**Data excerpt**
Segment Open

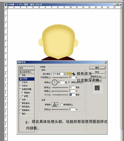 8. 现在具体处理头部,给脸的那层使用图层样式内阴影。
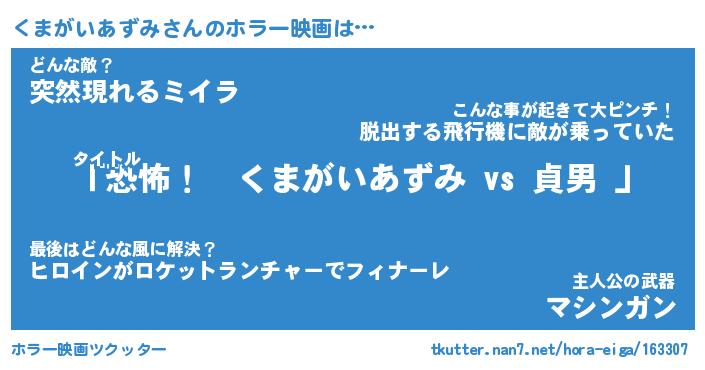 | 男性向けラノベタイトル風あだ名 | 『くまがいあずみの憂鬱』 |
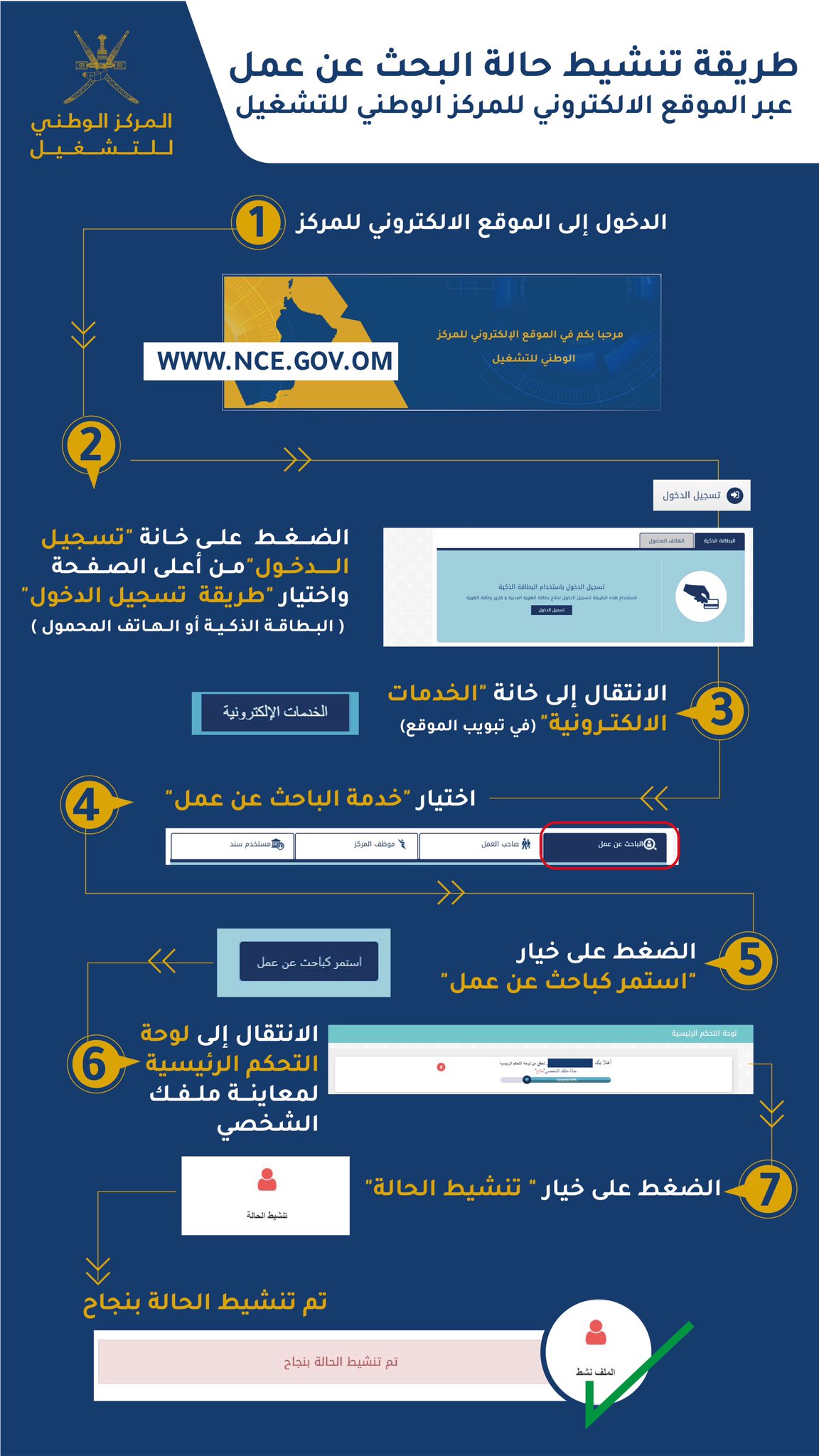 Twitter पर المركز الوطني للتشغيل نشارككم خطوات تنشيط حالة البحث عن عمل عبر الموقع الإلكتروني لـ المركز الوطني للتشغيل

Segment Closed

**Exercise goal**
Give the data again exactly as it appears, but without any images.

**Exercise solution**
 8. 现在具体处理头部,给脸的那层使用图层样式内阴影。
 | 男性向けラノベタイトル風あだ名 | 『くまがいあずみの憂鬱』 |
 Twitter पर المركز الوطني للتشغيل نشارككم خطوات تنشيط حالة البحث عن عمل عبر الموقع الإلكتروني لـ المركز الوطني للتشغيل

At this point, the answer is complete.